_ACTIVITY_
Would you retype the whole listing verbatim, keeping pictures out of it?
---------- INFORMATION SUPPLIED
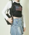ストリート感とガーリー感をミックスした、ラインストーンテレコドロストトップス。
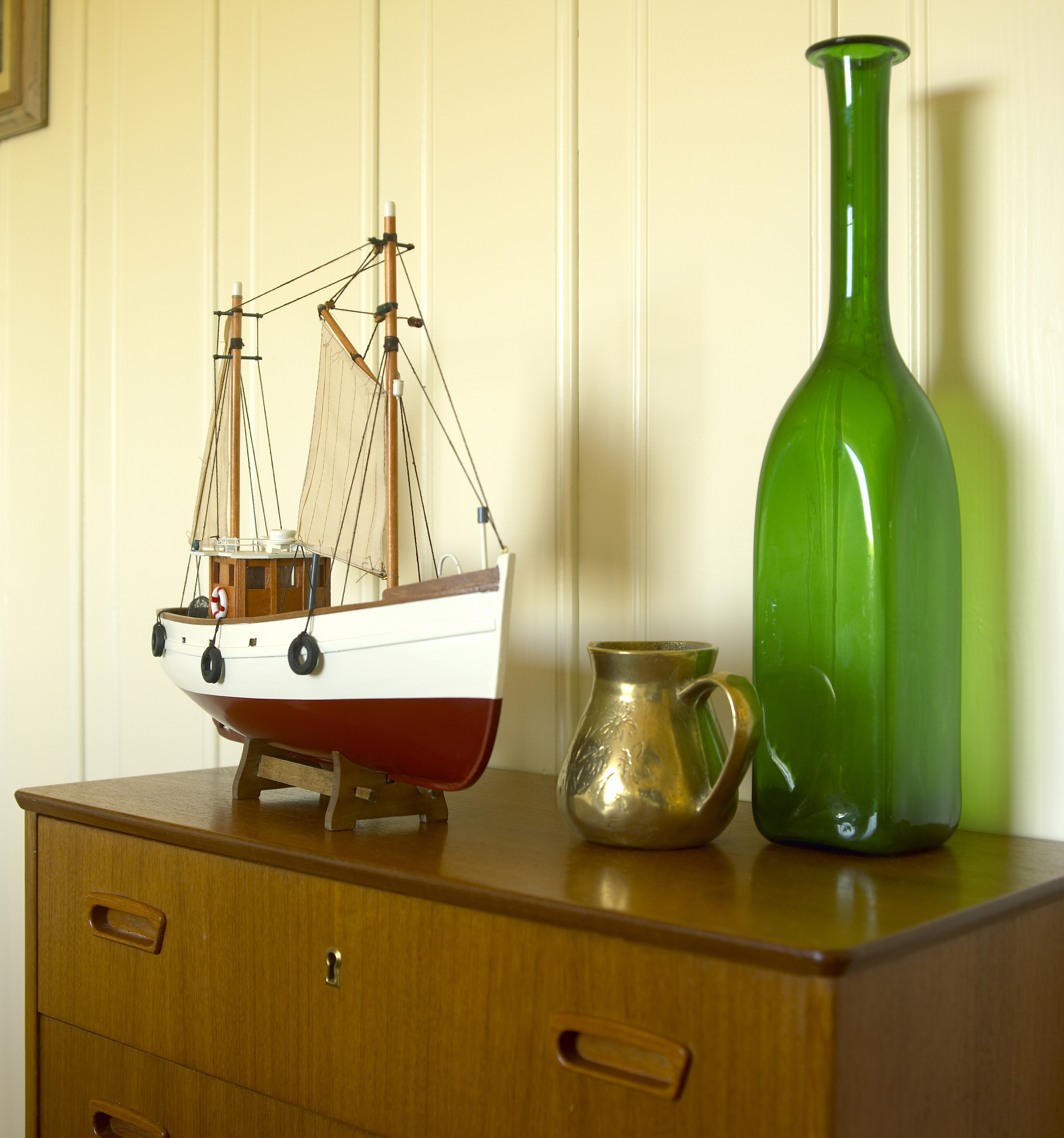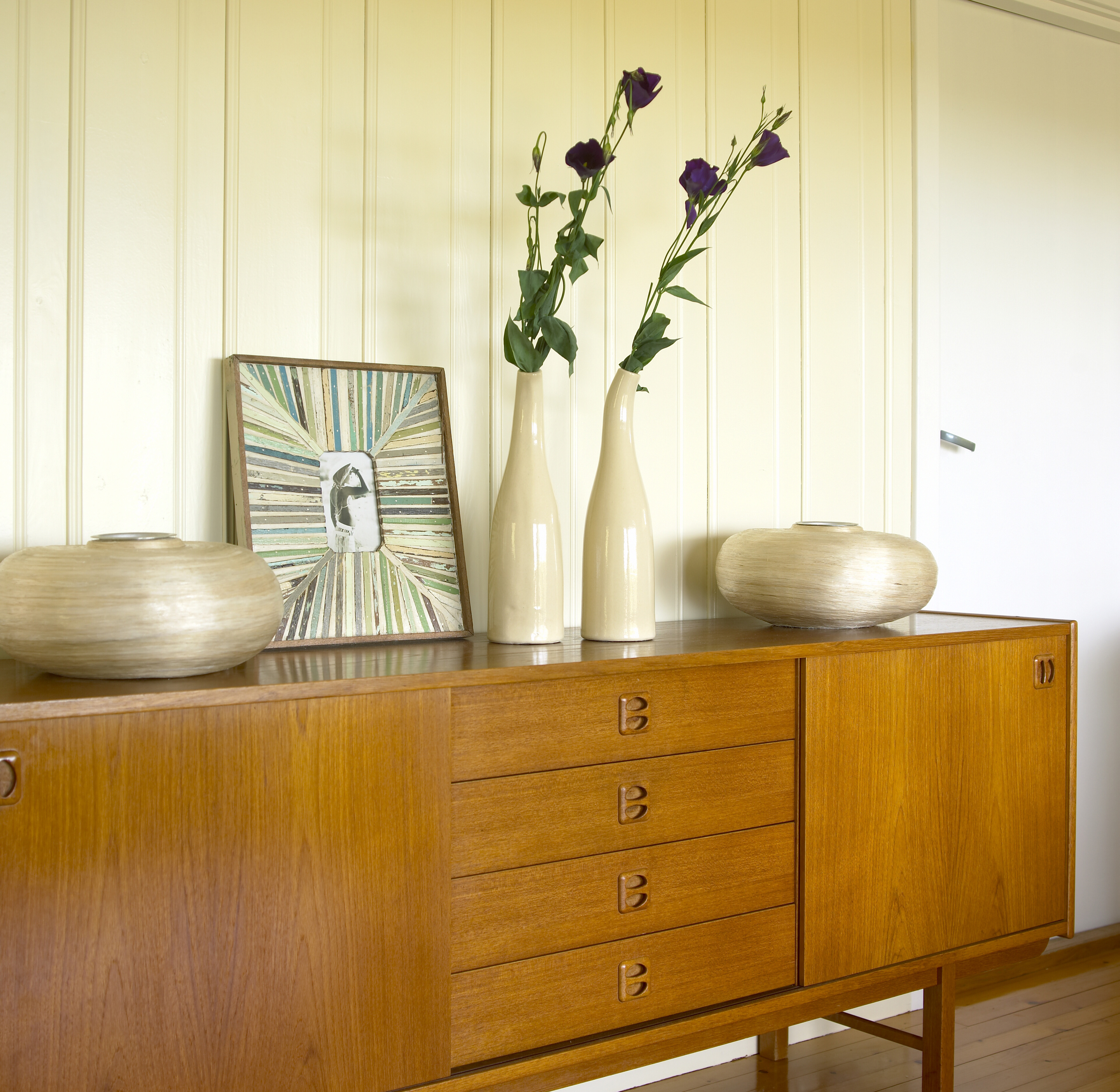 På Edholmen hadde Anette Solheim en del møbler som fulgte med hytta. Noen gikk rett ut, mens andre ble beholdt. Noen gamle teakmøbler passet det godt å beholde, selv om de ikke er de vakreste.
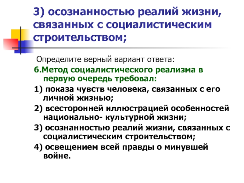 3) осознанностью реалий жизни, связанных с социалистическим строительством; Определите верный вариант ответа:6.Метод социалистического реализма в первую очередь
--------------------
_REPLY_
ストリート感とガーリー感をミックスした、ラインストーンテレコドロストトップス。
 På Edholmen hadde Anette Solheim en del møbler som fulgte med hytta. Noen gikk rett ut, mens andre ble beholdt. Noen gamle teakmøbler passet det godt å beholde, selv om de ikke er de vakreste.
 3) осознанностью реалий жизни, связанных с социалистическим строительством; Определите верный вариант ответа:6.Метод социалистического реализма в первую очередь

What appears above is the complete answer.